This is my first post, I’ve had MS for about 30 years my first attacks were when I was 18/19. The first 10 years it was RR after that it moved to secondary progressive, I’ve now been in a wheelchair full-time for 10 years, I can’t weight bear or use my left arm, my speech can be quite poor several hours a day, sometimes all day.
For over 20 years I’ve been constipated can I say quite badly constipated, my stomach over the years has become huge and the bowel is massive (jungle drums can be played on it) (I’ve had 2 colonoscopys this year, nothing dangerous found other than a very large bowel and a lot and I mean a lot of POO, my wife has been saying for many years, I’m full of S*** and yes I am.
Just recently I had a reinsertion of a suprapubic catherter and removal of bladder stones, I was told it would take 25 mins it took 105 mins. I knew I had bladder stones but I was shown was was crushed and removed, I’m going into the industry for gravel ling peoples drives.

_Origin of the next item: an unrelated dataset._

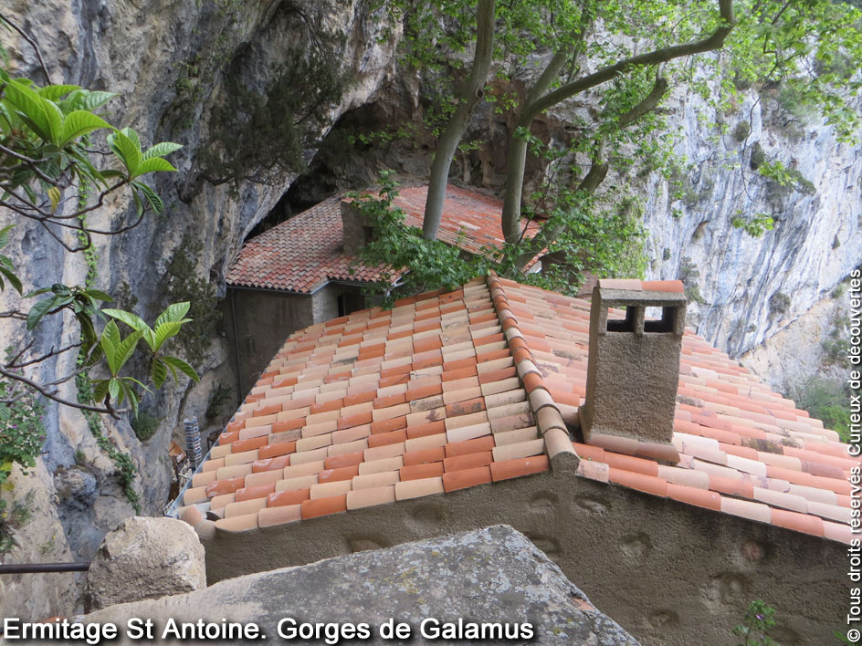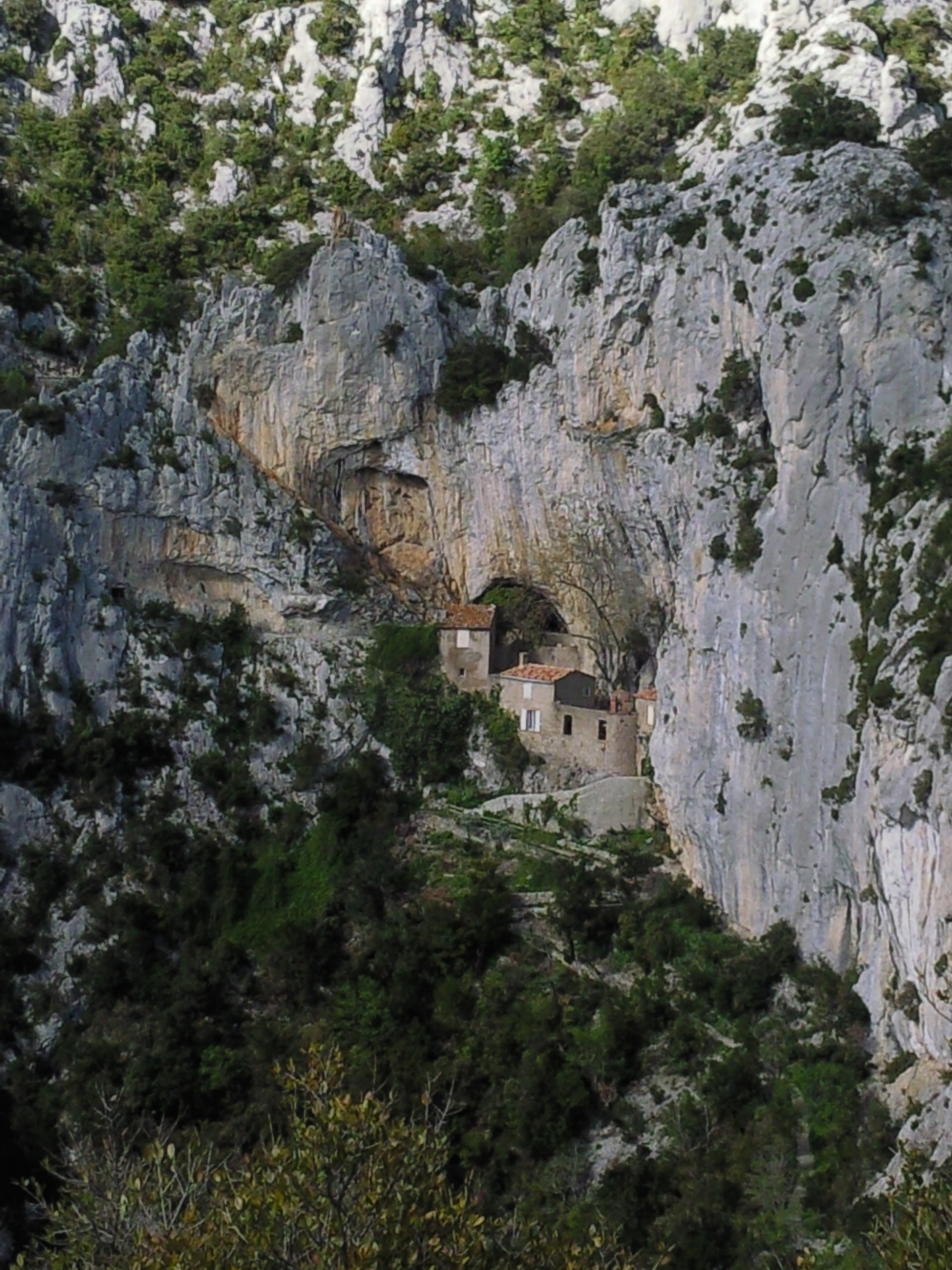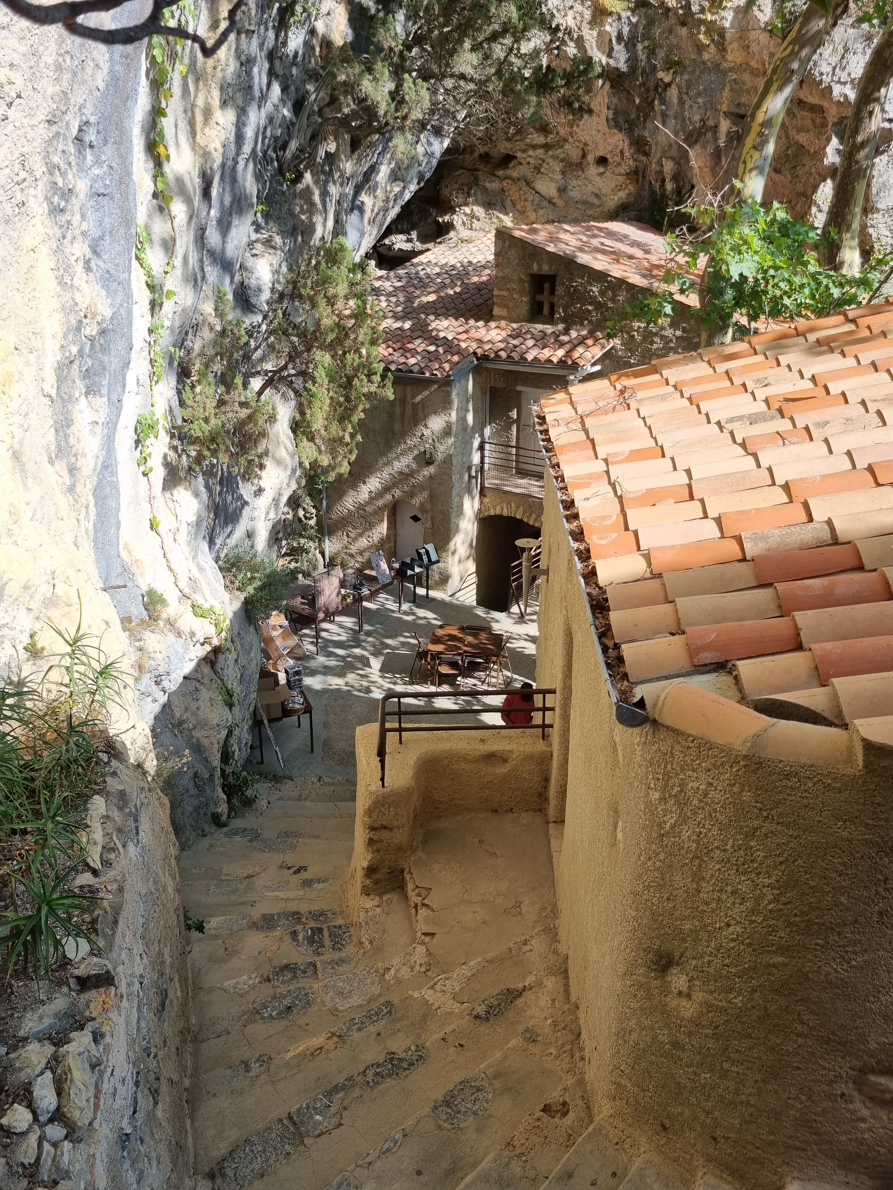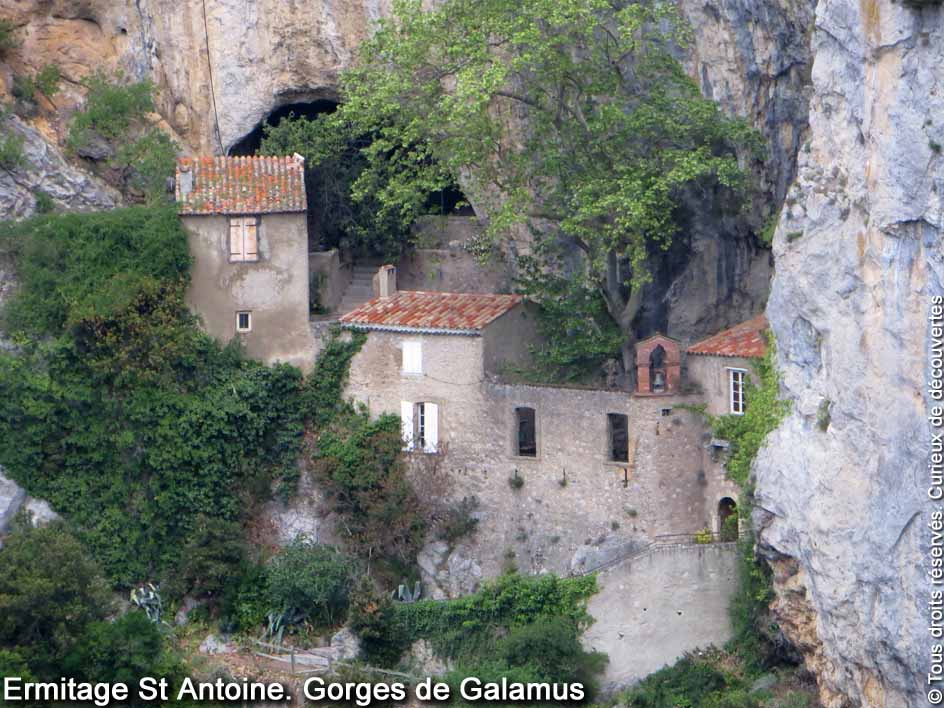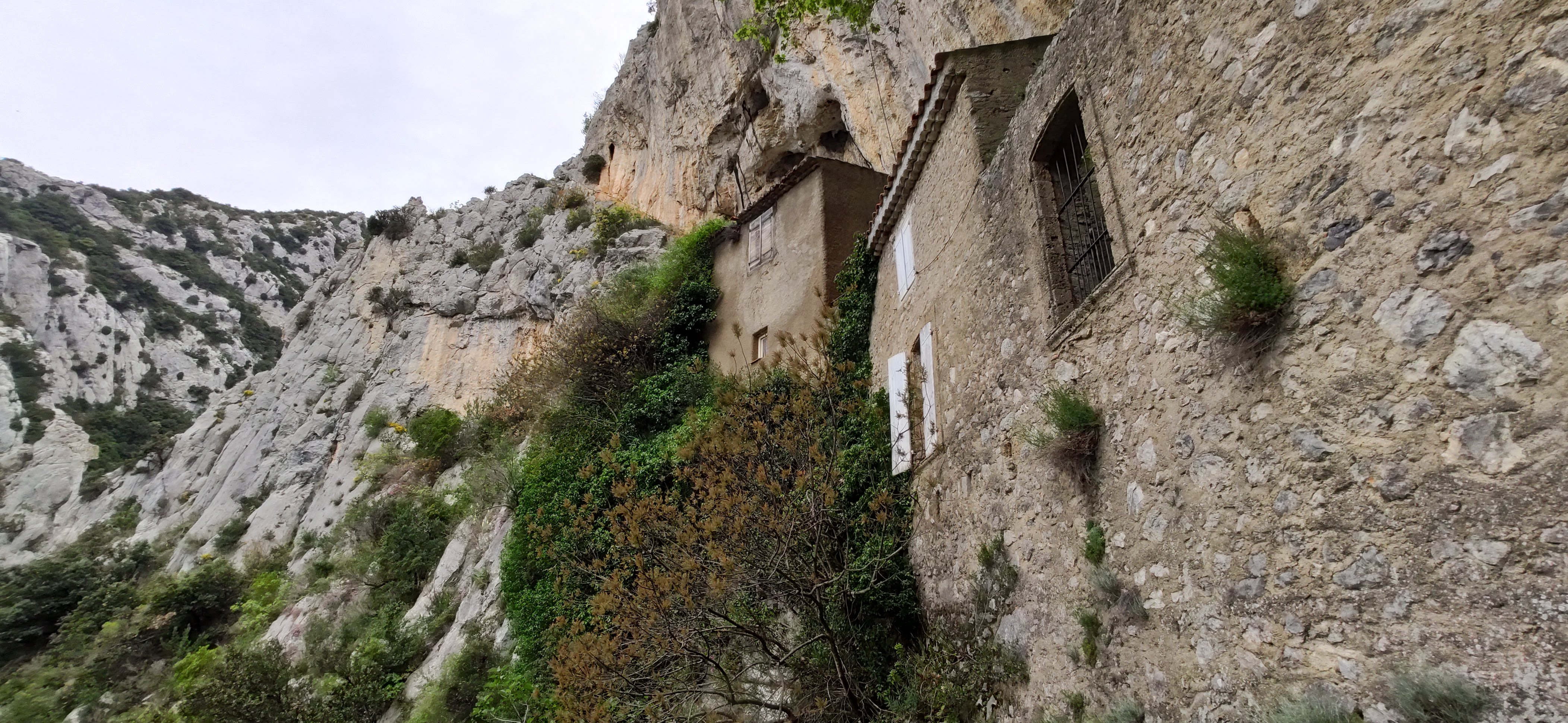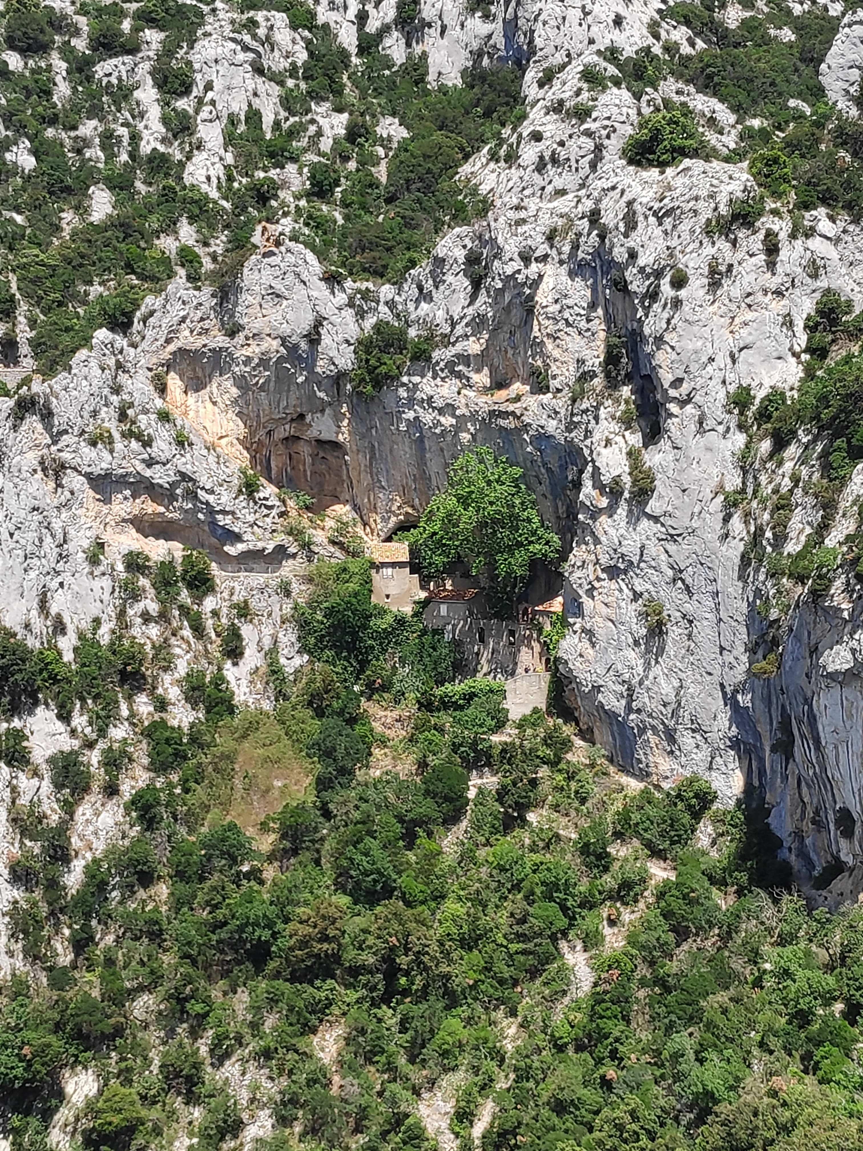 Magnifique l’ermitage : une petite église dans la grotte et des petites maisons . Et aussi la vue de la gorge
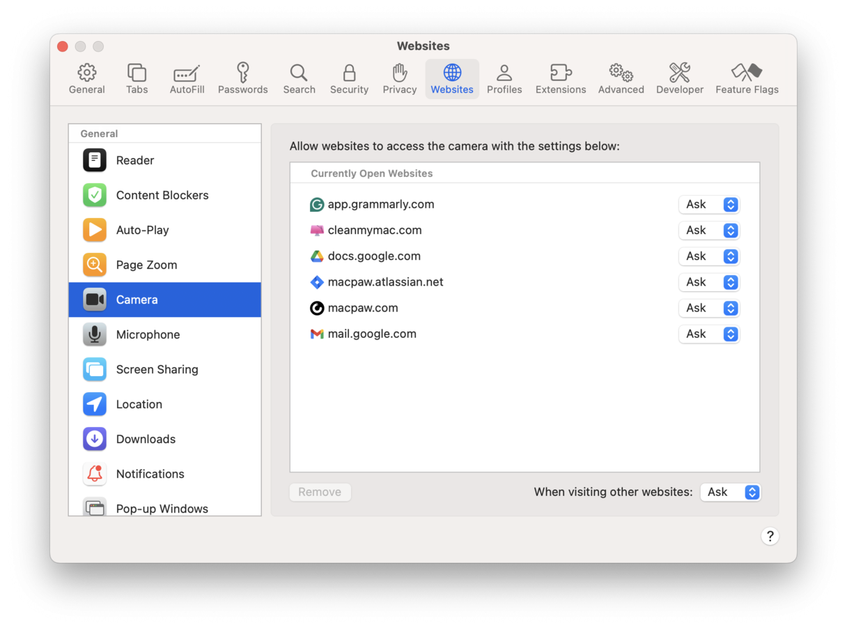 Här är ett annat alternativ för dig att kolla in - gå till webbläsarinställningar och dubbelkolla om några webbplatser kan komma åt din kamera. Följ dessa steg för din webbläsare:

Well after that I had to use the qufora bed based system (anal irrigation) every day and at least 3 times in the morning session. I take 6 laxido sachets per day as well as 2 other constipation medicines.
My repeat prescription list is 25 and over per month. Does anyone else out there with MS have the same kind of problems, I have. I’m getting very disillusioned with all of the potions as I’m only 49 and I feel that I’ve been left behind.
End of rant, that took ages to type with one finger.